Honasan questioned Tolentino’s and Mojica's standing to bring the instant
petition as taxpayers and voters because they do not claim that COMELEC
illegally disbursed public funds; nor claim that they sustained personal injury
because of the issuance of Resolutions 01-005 and 01-006.

Issue: Whether Tolentino and Mojica have standing to litigate.

Held: “Legal standing” or locus standi refers to a personal and substantial

interest in a case such that the party has sustained or will sustain direct
injury because of the challenged governmental act. The requirement of
standing, which necessarily “sharpens the presentation of issues,” relates to
the constitutional mandate that this Court settle only actual cases or
controversies. Thus, generally, a party will be allowed to litigate only when
(1) he can show that he has personally suffered some actual or threatened
injury because of the allegedly illegal conduct of the government; (2) the
injury is fairly traceable to the challenged action; and (3) the injury is likely
to be redressed by a favorable action. Applied strictly, the doctrine of
standing to litigate will indeed bar the present petition.

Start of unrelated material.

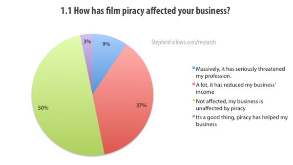 Half of all my respondents felt that piracy had no effect on their business. 37% felt it had reduced their business' income, 9% said it had "seriously threatened" their profession and 3% felt it had helped their business.

In questioning, in
their capacity as voters, the validity of the special election on 14 May 2001,
Tolentino and Mojica assert a harm classified as a “generalized grievance.”
This generalized grievance is shared in substantially equal measure by a
large class of voters, if not all the voters, who voted in that election. Neither
have Tolentino and Mojica alleged, in their capacity as taxpayers, that the
Court should give due course to the petition because in the special election
held on 14 May 2001 “tax money [was] ‘x x x extracted and spent in
violation of specific constitutional protections against abuses of legislative
power’ or that there [was] misapplication of such funds by COMELEC or that
public money [was] deflected to any improper purpose.” On the other hand,
the Court has relaxed the requirement on standing and exercised our
discretion to give due course to voters’ suits involving the right of suffrage.
The Court has the discretion to take cognizance of a suit which does not
satisfy the requirement of legal standing when paramount interest is
involved. In not a few cases, the court has adopted a liberal attitude on the
locus standi of a petitioner where the petitioner is able to craft an issue of
transcendental significance to the people. Thus, when the issues raised are
of paramount importance to the public, the Court may brush aside
technicalities of procedure. The Court accords the same treatment to
Tolentino and Mojica in the present case in their capacity as voters since they
raise important issues involving their right of suffrage, considering that the
issue raised in the petition is likely to arise again.